Tesco spies opportunity to come in from the cold with Russian store bid
Tesco is believed to be eyeing a move into Russia's swiftly expanding retail market amid reports that it has held informal talks with the country's biggest supermarket chain, X5 Retail Group.
X5, which controls or owns the franchise to more than 1,200 food stores across Russia and the former USSR, issued a statement yesterday in which it said it did not rule out some form of commercial partnership with Tesco but insisted it was not preparing to sell its business.
Its statement raises the possibility that the UK supermarket giant may follow the likes of BHS, Marks & Spencer, Burberry, Monsoon, and Mothercare, and join Russia's burgeoning retail revolution.

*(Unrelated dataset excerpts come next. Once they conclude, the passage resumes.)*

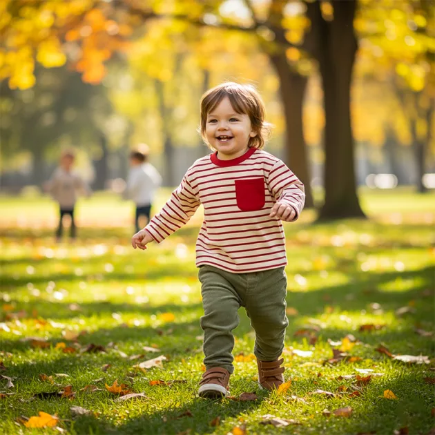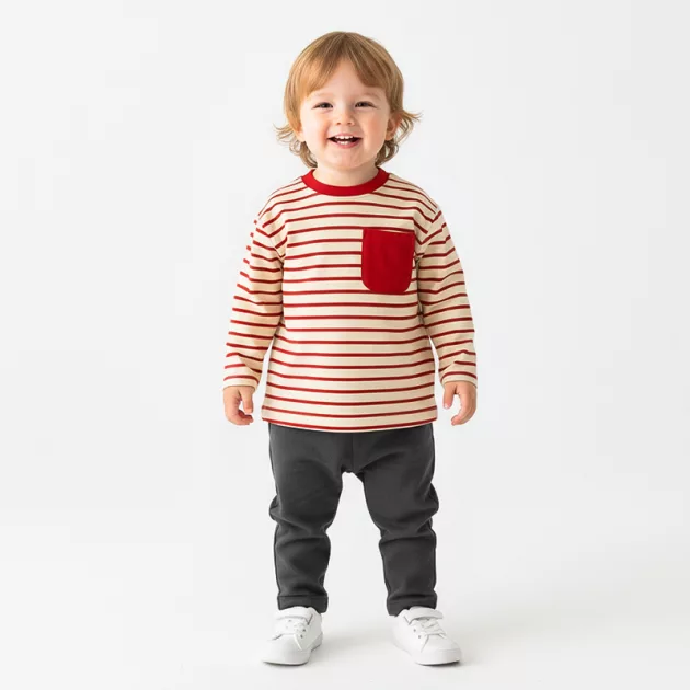 Køligt vejr bør aldrig sætte en stopper for leg og udendørs sjov. Denne stribede langærmede T-shirt beskytter mod træk men føles stadig let. Smukke farver og legesyge lommer matcher nemt enhver stil.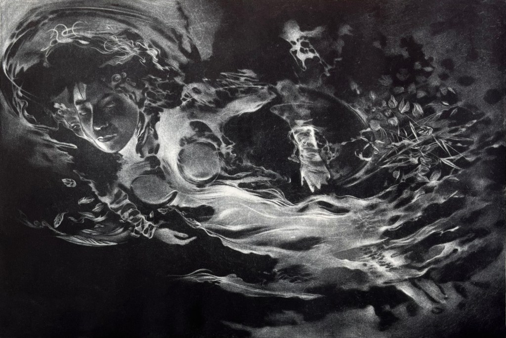 série « aqua nigra« , 2022 – manières noires et pointes sèches :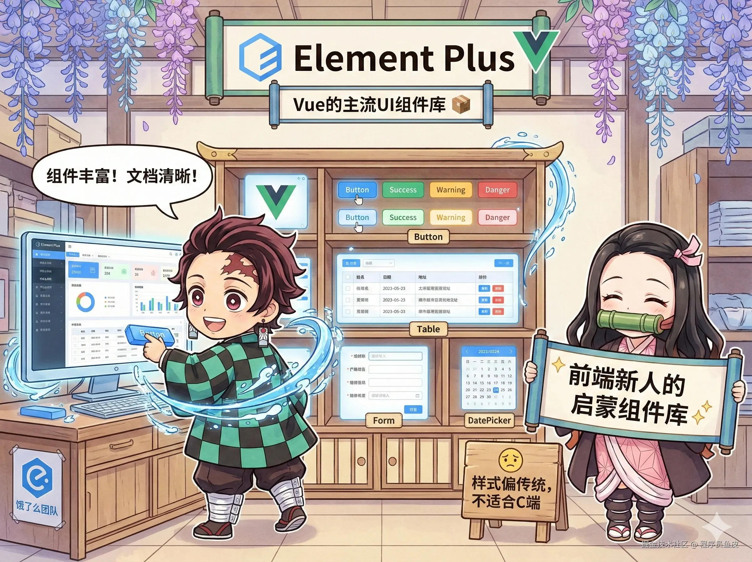 缺点是样式偏传统,不太适合 C 端项目,而且有些组件不够灵活。但考虑到国内 Vue 生态的主流地位,Element 是很多前端新人的启蒙组件库,给到 人上人。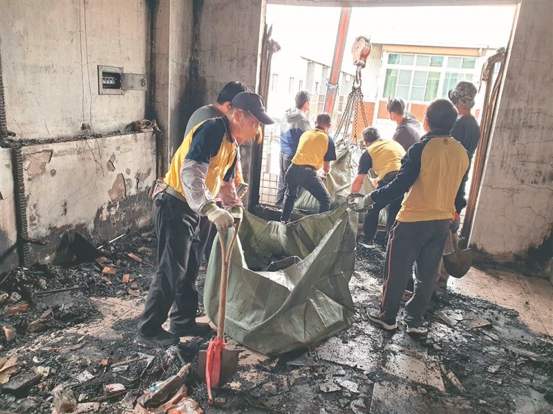 由於火災發生於三樓住家,為方便清運,楊政達除出動自家公司的大型吊卡車協助吊掛太空包外,他的多位員工得知消息後,也主動前往現場幫忙,展現人間溫情。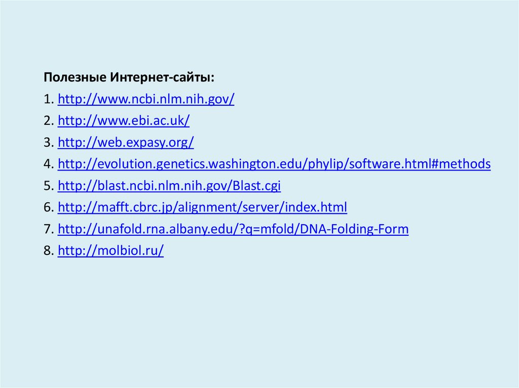 Полезные Интернет-сайты:1. http://www.ncbi.nlm.nih.gov/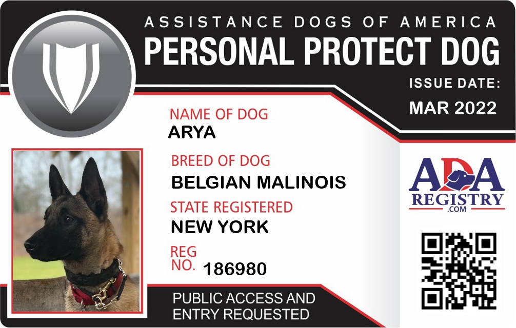 Personal Protection Dog Registration for Arya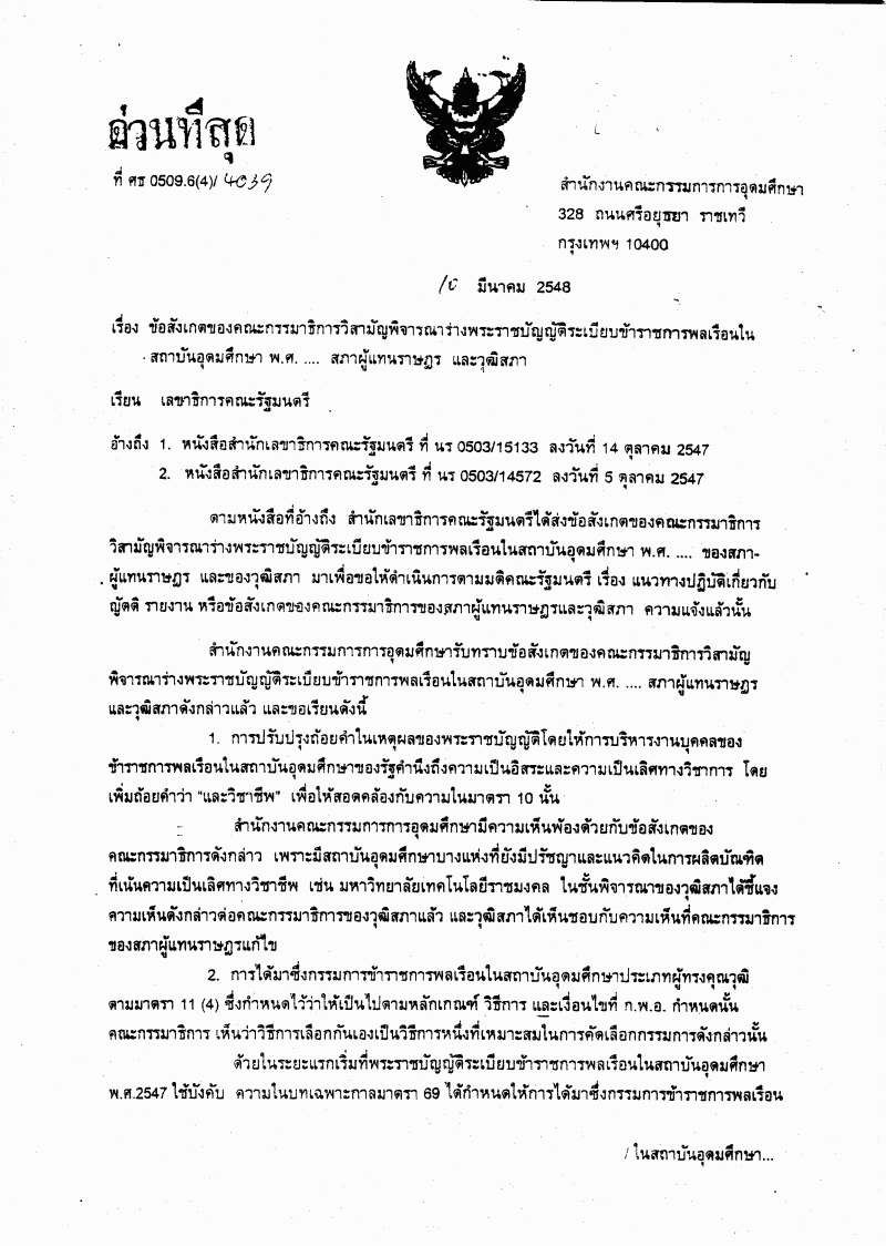 • ร่างพระราชบัญญัติระเบียบข้าราชการพลเรือนในสถาบันอุดมศึกษา พ.ศ. ....
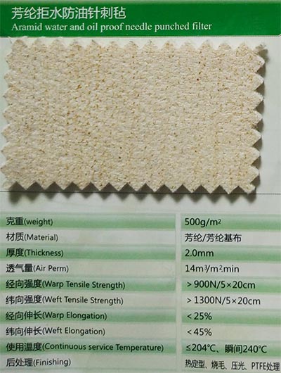 該滌綸氈是在普通滌綸氈生產(chǎn)基礎(chǔ)上進(jìn)行特殊的拒水防油,使濾料具有良好的防水拒油性能,從而用在含濕、含油較大的煙氣處理中,抗揭露性能好,不宜糊袋,可以有效的提高濾袋的使用壽命。

The country's retail food market is expected to expand by an annual rate of 16 per cent between now and 2010.
According to the daily Kommersant newspaper, X5has held or is preparing to hold talks with two other foreign retailers apart from Tesco. The newspaper named America's Wal-Mart and France's Carrefour as Tesco's rivals. It said the meetings centred on the possibility of buying a controlling stake in the firm in 2008 after X5 exercises an option to buy a chain of Russian hypermarkets.
Such a stake would give a foreign retailer a real head start on its competitors, sparing it the difficult task of starting from scratch and growing organically in a market notorious for corruption and red tape. X5 insisted it was not planning to turn over its business to a foreign retailer altogether but appeared to leave the door open to some kind of co-operation. "The company and its major shareholders do not intend to sell its business in a medium-term perspective and are focused on the realisation of a five-year strategy of the group's development on the Russian market," Lev Khasis, X5's chief executive, said in a statement.
"We do not exclude, however, potential partnerships with these chains in various areas of mutual interest."
Tesco said it did not respond to what it called "rumour and speculation", but said "never say never" when asked whether it had any plans to expand into Russia. Tesco has stores in 12 countries outside the UK and is known to be keen to expand into promising emerging markets.
X5 was formed from the merger last year of two chains, Pyaterochka and ZAO Perekriostok, based in St Petersburg and Mos-cow respectively. It is controlled by Mikhail Fridman's Alfa Group. Just under one quarter of X5's shares are listed as global depositary receipts on the London Stock Exchange; its stock price values the firm at $5.9bn (£3bn).